Canberran housers Peking Duk have been heavily involved in The Meeting Tree, mastering their music. The Meeting Tree have also toured with them. Once, Aussie hip hoppers rarely mingled with dance acts. But now Elefant Traks has an EDM signing in Hermitude. "In the past I especially think the hip hop guys were probably a fringe group that no one particularly liked," Dixon muses. "And you know what? They didn't like anyone else." However, that ended with the boom in festivals — the artists embraced, and befriended, each other.

The Meeting Tree have had hilarious adventures. As One Day DJs, they toured with Drake — meeting him at the Sydney show. Drizzy travels with a barber in his entourage, Dix spills. "We were kind of hanging out near where the barber was set up and he came in looking for his hair wax, so we had a brief chat. He was lovely enough.

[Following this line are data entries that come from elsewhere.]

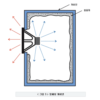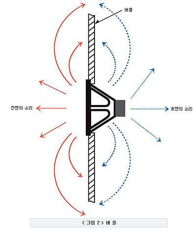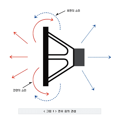 만일, 스피커 유닛을 인클로져에서 떼어 내어 밖으로 꺼낸 다음 스피커 유닛을 구동해 보면, 제 아무리 대단한 유닛이라 할지라도 인클로져에부착되어 있을 때보다 더 작은 음량으로 소리가 나거나, 또는 소리가 뒤틀리고 바르지 못한 소리를 듣게 된다.아래 그림을 보자.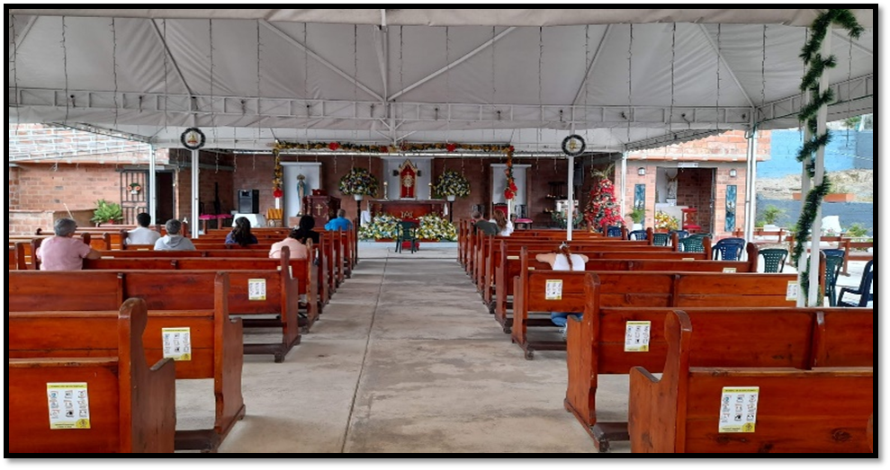 Poco a poco y sin dejar de lado la gratitud al Buen Dios por su bendición diaria se logran hacer morteros en la parte central del lote, se adecúa el altar en adobe, un espacio para el sagrario y la sacristía, una habitación para el descanso y vivienda del párroco. Se logra también instalar tres carpas donadas para mejorar las condiciones de lluvia y calor en los encuentros religiosos. Todo esto se alcanza gracias al buen corazón y donaciones de personas de la comunidad y externas a ellas, quienes se han convertido en benefactores y se han enamorado del proyecto por la transparencia con la que se ha realizado.
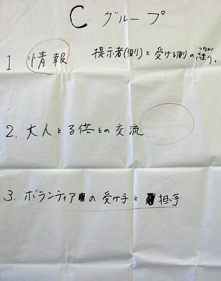 (Cグループ) 1の情報は、出す側と受ける側のつながりが生まれていない。出す側としても、どんな情報をどのように出せばわからないという問題を抱えている。生活者の方に情報が行き渡っていないのではないかということもある。2の大人と子供の交流は、子供と高齢者だけでなく、大人との交流がもっとあれば、ボランティアに参加したり、子供の元気が出てきたりとか、街の雰囲気がもっと良くなるのではないか。3は、ボランティアの受け手と担い手の役割分担が決まってしまっていて、だからこそ、自治会も同じ方々がやっていらっしゃるから役員が高齢化するし、新しいボランティアがでてこないのではないか。あなたはボランティアする人、あなたはサービスを受ける人という固定観念が出来ているのではないか、そうじゃなくて誰でもボランティアが出来るし、誰でもサービスを受けることが出来るというふうに考え方を変えた方がいいのではないかというものです。 ![]() |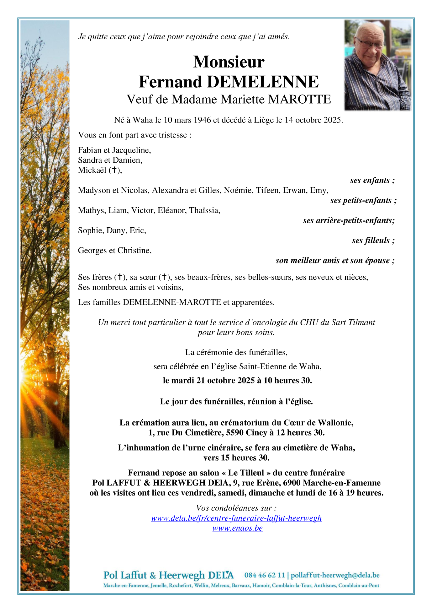 Décédé à Liège (4000, Belgique) le mardi 14 octobre 2025 à l'âge de 79 ans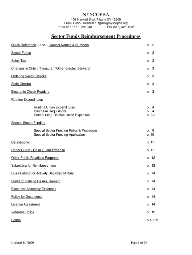 DYSTOPIA 102 Hackett Blvd, Albany NY 12209 Frank Bilbo, Treasurer fgilbo@nyscopba.org (518) 4271551 ext 240 Fax (518) 4261635Sector Funds Reimbursement Procedures Quick Reference and Contact Names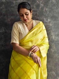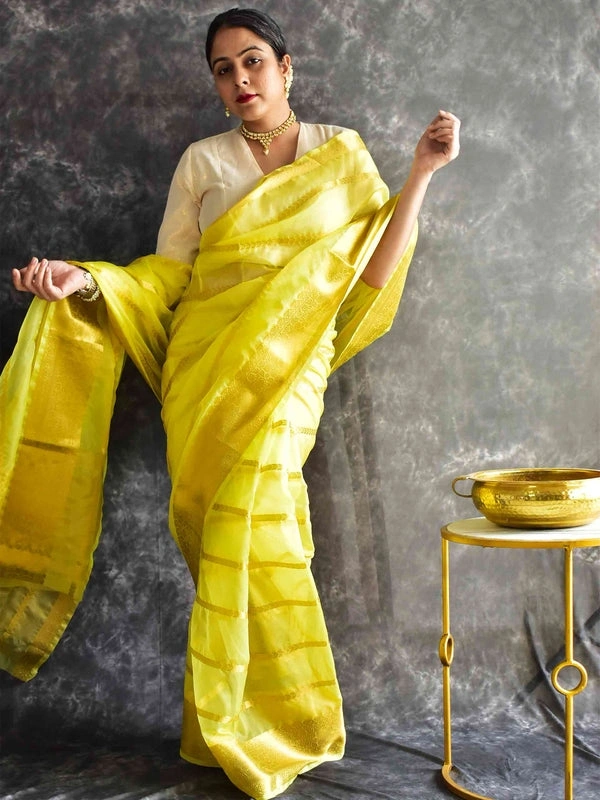 Kora Organja Saree Blouse: Separate Blouse PiecePattern: Zari WovenBlouse Pattern: Same as BorderFree Size (Saree Length Size: 5.5 m, Blouse Length Size: 0.9 m)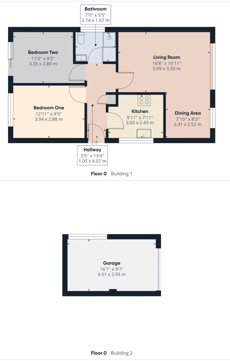 TWO BEDROOM DETACHED BUNGALOW IN POPULAR AREA. 4 Mill Rise is a deceptively spacious detached bungalow, sitting on an easy-to-maintain plot, with a detached garage, providing a superb opportunity to those wishing to put their own stamp on it. Located in an extremely popular area, just on the edge of the town with access to the local bus services. Its generously proportioned and has lots of potential. The property briefly comprises:- entrance hall, kitchen, lounge/dining room to the front of the property, two double bedrooms, family bathroom, garden to the rear and front, separate garage and off-street parking for two cars. Accommodation ENTRANCE HALL- 3'5 (1.05m) x 7'11 (2.43m) Door to the front aspect, coving, storage cupboard which houses the boiler, radiator, telephone point and power points. LOUNGE/DINING AREA- 16'8 (5.09m) x 10'11 (3.33m) / 7'10 (2.41m) x 8'3 (2.52m) Large window to the front aspect, coving, gas fire place with hearth, radiator, TV point and power points. KITCHEN- 9'11 (3.03m) x 7'11 (2.43m) Window to the side aspect, coving, a range off wall and base units, tiled splash back, sink with drainer unit, space for washing machine, space for fridge freezer, gas hob, wall mounted double, fan assisted electric oven, extractor hood, laminated flooring, radiator and power points. BEDROOM ONE- 12'11 (3.94m) x 9'5 (2.88m) Window to the rear aspect, coving, fitted wardrobes, radiator and power points. BEDROOM TWO- 11'0 (3.35m) x 9'5 (2.89m) Sliding doors to the rear aspect, coving, radiator and power points. BATHROOM- 7'0 (2.14m) x 5'5 (1.67m) Opaque window to the side aspect, partially tiled walls, three piece bathroom suite comprising:- low flush WC, sink with vanity unit, fully tiled shower cubicle, radiator and extractor fan. GARDEN Easily maintained gardens which is mainly laid with patio, plant and shrub borders as well as access to the garage and parking. GARAGE- 16'1 (4.91m) x 9'7 (2.93m) Up and over do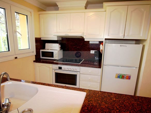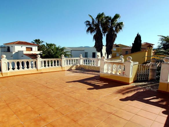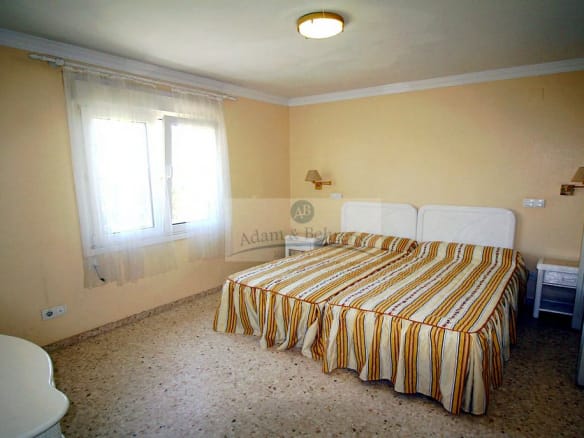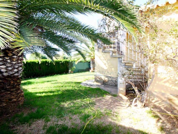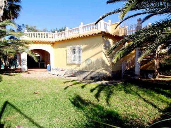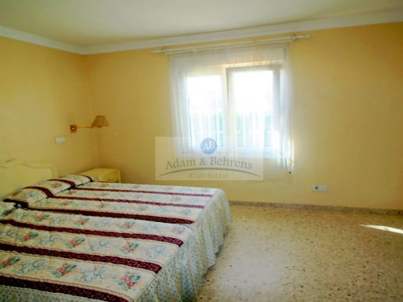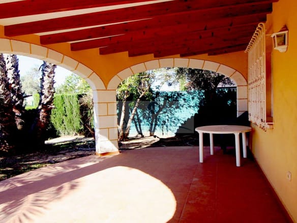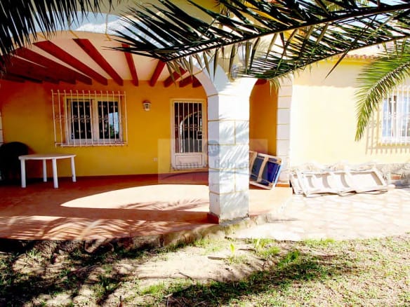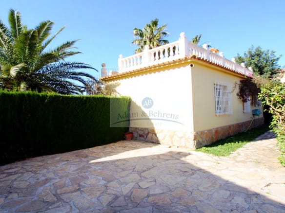 Die 1995 erbaute Villa bietet auf einer Ebene einen großzügigen Wohn-/Essbereich mit direkt angeschlossener und eingerichteter amerikanischer Küche. Außerdem zwei geräumige Schlafzimmer und ein Bad. Auf der großen, direkt an den Wohnbereich anschließenden, überdachten Terrasse läßt es sich hervorragend entspannen und das mediterrane Klima in vollen Zügen genießen.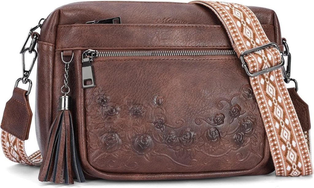 MEITRUE Rose Embossed Crossbody Bag for Women, Trendy Lightweight Shoulder Purse for Travel Daily Casual, $25.99

But the guy that we connected with more than Drake was actually [US support] 2 Chainz. 2 Chainz quite enjoyed making comparisons between me and his security guards." Dixon picks up the tale of how, until the last night, the US security personnel assumed Dix was another bodyguard — and an indulged one. "There'd been a bit of animosity backstage, and almost a bit of a quiet rebellion brewing, because they were annoyed that the Australian bodyguard got to drink at the shows. So we quelled probably the quiet riot by letting them know that Joyride was in fact not a bodyguard."

The Meeting Tree have a growing fanbase in the US -- where they'll soon be headed, Dixon divulges mysteriously. "We're going to LA in a month to spend some time just soaking it up." Catch 'em while you can.